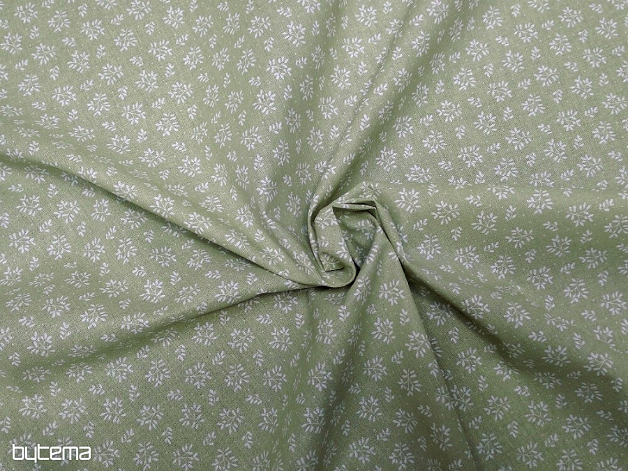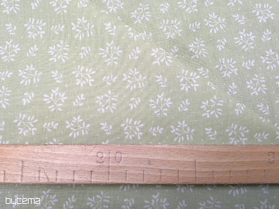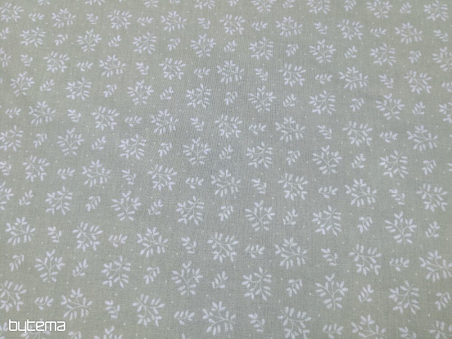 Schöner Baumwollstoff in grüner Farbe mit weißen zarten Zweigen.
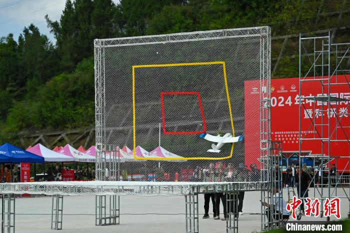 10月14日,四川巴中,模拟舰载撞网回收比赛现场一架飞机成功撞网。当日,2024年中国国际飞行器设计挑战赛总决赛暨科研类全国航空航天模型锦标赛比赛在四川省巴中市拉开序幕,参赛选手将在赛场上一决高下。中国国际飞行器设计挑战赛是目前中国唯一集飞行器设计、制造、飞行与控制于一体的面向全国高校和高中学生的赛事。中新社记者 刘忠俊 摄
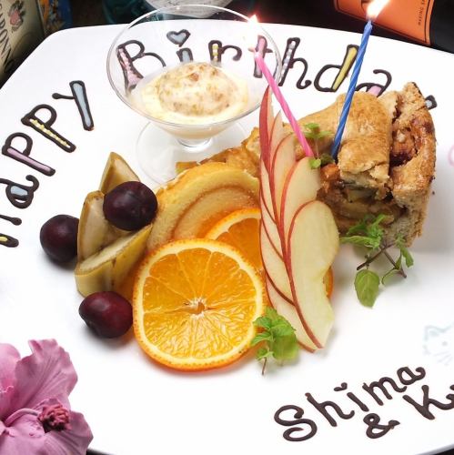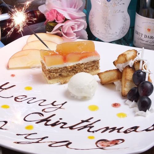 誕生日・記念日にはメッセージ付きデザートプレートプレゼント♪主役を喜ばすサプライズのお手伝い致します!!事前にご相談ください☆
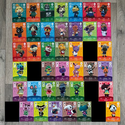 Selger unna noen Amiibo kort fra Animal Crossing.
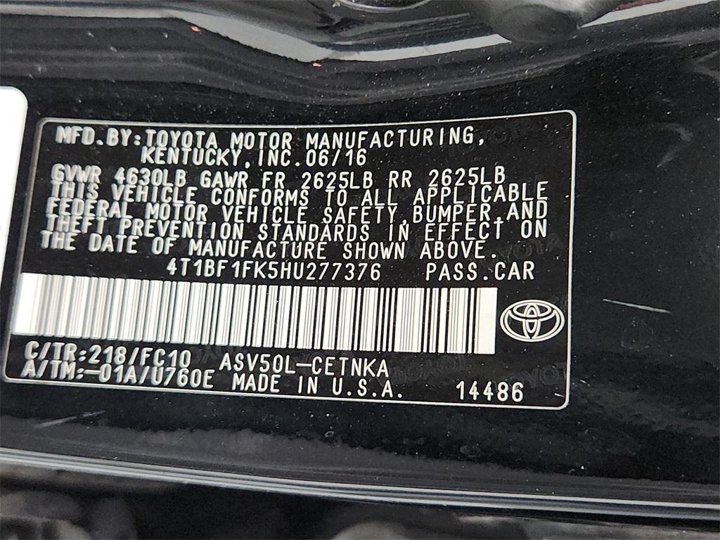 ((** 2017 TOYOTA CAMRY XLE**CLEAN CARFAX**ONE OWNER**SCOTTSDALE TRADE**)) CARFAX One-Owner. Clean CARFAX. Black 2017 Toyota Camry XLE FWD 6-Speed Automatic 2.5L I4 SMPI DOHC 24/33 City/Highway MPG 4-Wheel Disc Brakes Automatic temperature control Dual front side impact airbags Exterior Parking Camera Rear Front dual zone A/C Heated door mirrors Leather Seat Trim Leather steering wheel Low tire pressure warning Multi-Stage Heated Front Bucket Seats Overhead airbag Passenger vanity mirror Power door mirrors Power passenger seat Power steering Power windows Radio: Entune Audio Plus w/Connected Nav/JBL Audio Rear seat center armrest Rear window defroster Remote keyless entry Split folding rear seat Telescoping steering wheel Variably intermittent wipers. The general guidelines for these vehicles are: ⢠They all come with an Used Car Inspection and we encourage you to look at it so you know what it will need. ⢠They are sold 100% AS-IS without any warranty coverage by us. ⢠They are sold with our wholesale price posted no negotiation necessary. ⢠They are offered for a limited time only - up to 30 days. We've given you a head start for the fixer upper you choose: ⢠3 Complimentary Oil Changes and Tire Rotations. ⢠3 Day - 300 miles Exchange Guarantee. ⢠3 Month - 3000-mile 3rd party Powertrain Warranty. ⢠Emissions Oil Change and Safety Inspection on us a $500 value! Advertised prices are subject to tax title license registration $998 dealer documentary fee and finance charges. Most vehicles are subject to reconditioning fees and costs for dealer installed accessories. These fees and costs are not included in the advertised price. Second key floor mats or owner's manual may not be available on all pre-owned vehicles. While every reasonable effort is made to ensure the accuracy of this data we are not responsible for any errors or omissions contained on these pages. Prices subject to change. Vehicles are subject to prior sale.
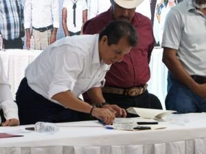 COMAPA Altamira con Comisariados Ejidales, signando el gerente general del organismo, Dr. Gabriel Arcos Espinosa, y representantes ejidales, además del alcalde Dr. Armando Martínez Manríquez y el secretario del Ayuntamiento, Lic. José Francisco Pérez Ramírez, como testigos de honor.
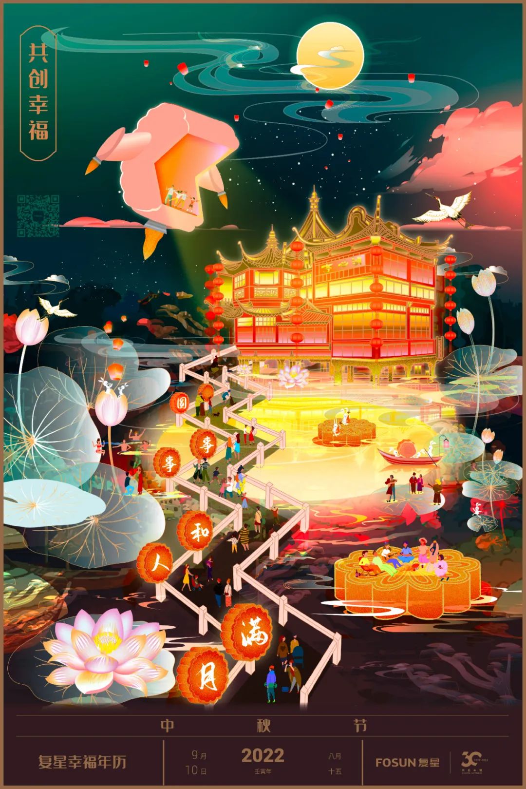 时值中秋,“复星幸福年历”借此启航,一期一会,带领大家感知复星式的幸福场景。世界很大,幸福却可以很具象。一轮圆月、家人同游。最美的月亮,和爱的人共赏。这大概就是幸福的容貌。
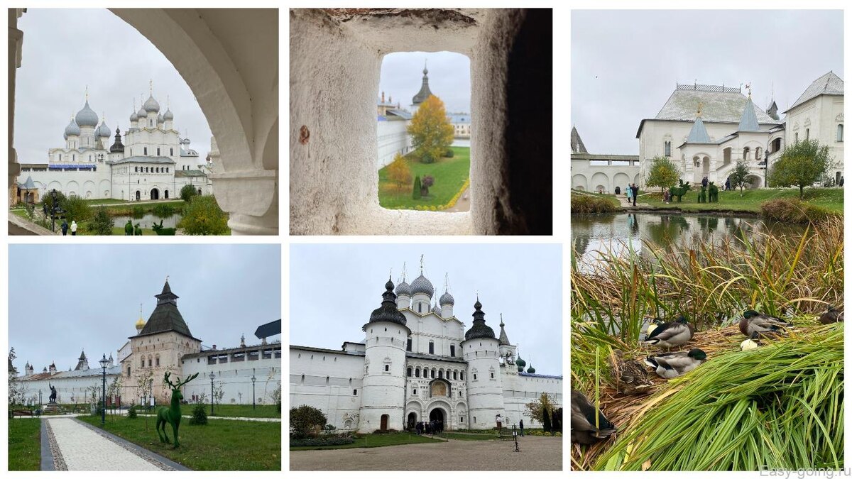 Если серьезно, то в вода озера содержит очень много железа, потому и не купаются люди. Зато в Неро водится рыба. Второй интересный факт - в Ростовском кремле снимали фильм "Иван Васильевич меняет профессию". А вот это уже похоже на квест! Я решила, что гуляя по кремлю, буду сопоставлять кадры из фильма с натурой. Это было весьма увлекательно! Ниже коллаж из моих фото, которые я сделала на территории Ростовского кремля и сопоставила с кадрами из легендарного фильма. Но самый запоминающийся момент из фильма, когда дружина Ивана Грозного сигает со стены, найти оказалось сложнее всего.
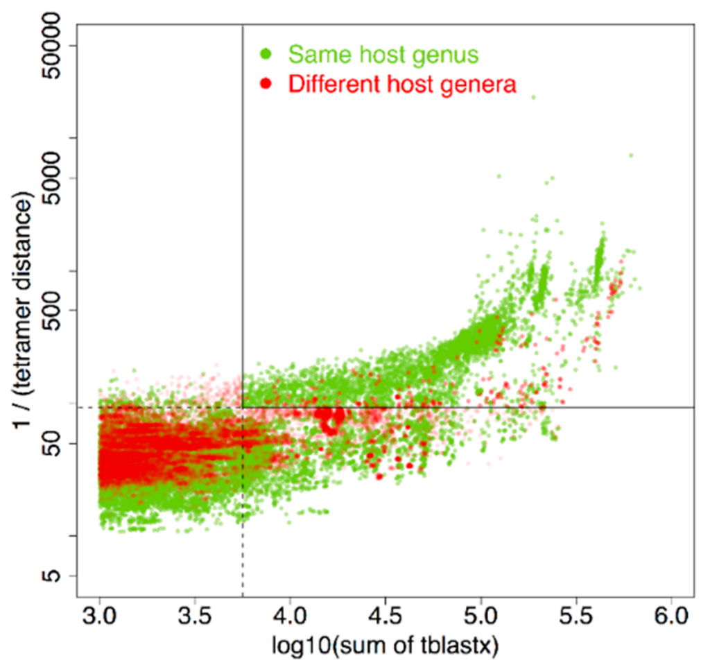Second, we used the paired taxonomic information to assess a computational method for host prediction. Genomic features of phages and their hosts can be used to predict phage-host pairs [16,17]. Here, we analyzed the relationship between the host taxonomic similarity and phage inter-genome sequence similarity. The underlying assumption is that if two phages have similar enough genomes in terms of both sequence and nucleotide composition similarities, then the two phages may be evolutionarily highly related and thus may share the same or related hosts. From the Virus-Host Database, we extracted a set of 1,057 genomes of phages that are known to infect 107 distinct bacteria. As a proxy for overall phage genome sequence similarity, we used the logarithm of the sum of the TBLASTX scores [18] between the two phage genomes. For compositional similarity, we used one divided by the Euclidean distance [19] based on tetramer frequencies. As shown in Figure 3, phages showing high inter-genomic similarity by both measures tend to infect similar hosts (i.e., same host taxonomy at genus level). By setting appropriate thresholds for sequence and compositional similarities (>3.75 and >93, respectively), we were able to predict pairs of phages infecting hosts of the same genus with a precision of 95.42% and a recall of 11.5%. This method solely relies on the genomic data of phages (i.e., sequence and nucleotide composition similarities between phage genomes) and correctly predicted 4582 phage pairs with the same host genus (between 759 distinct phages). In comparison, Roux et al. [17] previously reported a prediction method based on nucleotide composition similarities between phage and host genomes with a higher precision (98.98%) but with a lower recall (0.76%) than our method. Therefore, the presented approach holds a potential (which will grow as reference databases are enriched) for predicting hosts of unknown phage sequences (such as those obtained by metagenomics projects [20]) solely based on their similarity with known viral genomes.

------------------------------------------------------------------------

Print all of the data exactly, and do not carry over any pictures.

**RESPONSE:**
 Schöner Baumwollstoff in grüner Farbe mit weißen zarten Zweigen.
 10月14日,四川巴中,模拟舰载撞网回收比赛现场一架飞机成功撞网。当日,2024年中国国际飞行器设计挑战赛总决赛暨科研类全国航空航天模型锦标赛比赛在四川省巴中市拉开序幕,参赛选手将在赛场上一决高下。中国国际飞行器设计挑战赛是目前中国唯一集飞行器设计、制造、飞行与控制于一体的面向全国高校和高中学生的赛事。中新社记者 刘忠俊 摄
 誕生日・記念日にはメッセージ付きデザートプレートプレゼント♪主役を喜ばすサプライズのお手伝い致します!!事前にご相談ください☆
 Selger unna noen Amiibo kort fra Animal Crossing.
 ((** 2017 TOYOTA CAMRY XLE**CLEAN CARFAX**ONE OWNER**SCOTTSDALE TRADE**)) CARFAX One-Owner. Clean CARFAX. Black 2017 Toyota Camry XLE FWD 6-Speed Automatic 2.5L I4 SMPI DOHC 24/33 City/Highway MPG 4-Wheel Disc Brakes Automatic temperature control Dual front side impact airbags Exterior Parking Camera Rear Front dual zone A/C Heated door mirrors Leather Seat Trim Leather steering wheel Low tire pressure warning Multi-Stage Heated Front Bucket Seats Overhead airbag Passenger vanity mirror Power door mirrors Power passenger seat Power steering Power windows Radio: Entune Audio Plus w/Connected Nav/JBL Audio Rear seat center armrest Rear window defroster Remote keyless entry Split folding rear seat Telescoping steering wheel Variably intermittent wipers. The general guidelines for these vehicles are: ⢠They all come with an Used Car Inspection and we encourage you to look at it so you know what it will need. ⢠They are sold 100% AS-IS without any warranty coverage by us. ⢠They are sold with our wholesale price posted no negotiation necessary. ⢠They are offered for a limited time only - up to 30 days. We've given you a head start for the fixer upper you choose: ⢠3 Complimentary Oil Changes and Tire Rotations. ⢠3 Day - 300 miles Exchange Guarantee. ⢠3 Month - 3000-mile 3rd party Powertrain Warranty. ⢠Emissions Oil Change and Safety Inspection on us a $500 value! Advertised prices are subject to tax title license registration $998 dealer documentary fee and finance charges. Most vehicles are subject to reconditioning fees and costs for dealer installed accessories. These fees and costs are not included in the advertised price. Second key floor mats or owner's manual may not be available on all pre-owned vehicles. While every reasonable effort is made to ensure the accuracy of this data we are not responsible for any errors or omissions contained on these pages. Prices subject to change. Vehicles are subject to prior sale.
 COMAPA Altamira con Comisariados Ejidales, signando el gerente general del organismo, Dr. Gabriel Arcos Espinosa, y representantes ejidales, además del alcalde Dr. Armando Martínez Manríquez y el secretario del Ayuntamiento, Lic. José Francisco Pérez Ramírez, como testigos de honor.
 时值中秋,“复星幸福年历”借此启航,一期一会,带领大家感知复星式的幸福场景。世界很大,幸福却可以很具象。一轮圆月、家人同游。最美的月亮,和爱的人共赏。这大概就是幸福的容貌。
 Если серьезно, то в вода озера содержит очень много железа, потому и не купаются люди. Зато в Неро водится рыба. Второй интересный факт - в Ростовском кремле снимали фильм "Иван Васильевич меняет профессию". А вот это уже похоже на квест! Я решила, что гуляя по кремлю, буду сопоставлять кадры из фильма с натурой. Это было весьма увлекательно! Ниже коллаж из моих фото, которые я сделала на территории Ростовского кремля и сопоставила с кадрами из легендарного фильма. Но самый запоминающийся момент из фильма, когда дружина Ивана Грозного сигает со стены, найти оказалось сложнее всего.
Second, we used the paired taxonomic information to assess a computational method for host prediction. Genomic features of phages and their hosts can be used to predict phage-host pairs [16,17]. Here, we analyzed the relationship between the host taxonomic similarity and phage inter-genome sequence similarity. The underlying assumption is that if two phages have similar enough genomes in terms of both sequence and nucleotide composition similarities, then the two phages may be evolutionarily highly related and thus may share the same or related hosts. From the Virus-Host Database, we extracted a set of 1,057 genomes of phages that are known to infect 107 distinct bacteria. As a proxy for overall phage genome sequence similarity, we used the logarithm of the sum of the TBLASTX scores [18] between the two phage genomes. For compositional similarity, we used one divided by the Euclidean distance [19] based on tetramer frequencies. As shown in Figure 3, phages showing high inter-genomic similarity by both measures tend to infect similar hosts (i.e., same host taxonomy at genus level). By setting appropriate thresholds for sequence and compositional similarities (>3.75 and >93, respectively), we were able to predict pairs of phages infecting hosts of the same genus with a precision of 95.42% and a recall of 11.5%. This method solely relies on the genomic data of phages (i.e., sequence and nucleotide composition similarities between phage genomes) and correctly predicted 4582 phage pairs with the same host genus (between 759 distinct phages). In comparison, Roux et al. [17] previously reported a prediction method based on nucleotide composition similarities between phage and host genomes with a higher precision (98.98%) but with a lower recall (0.76%) than our method. Therefore, the presented approach holds a potential (which will grow as reference databases are enriched) for predicting hosts of unknown phage sequences (such as those obtained by metagenomics projects [20]) solely based on their similarity with known viral genomes.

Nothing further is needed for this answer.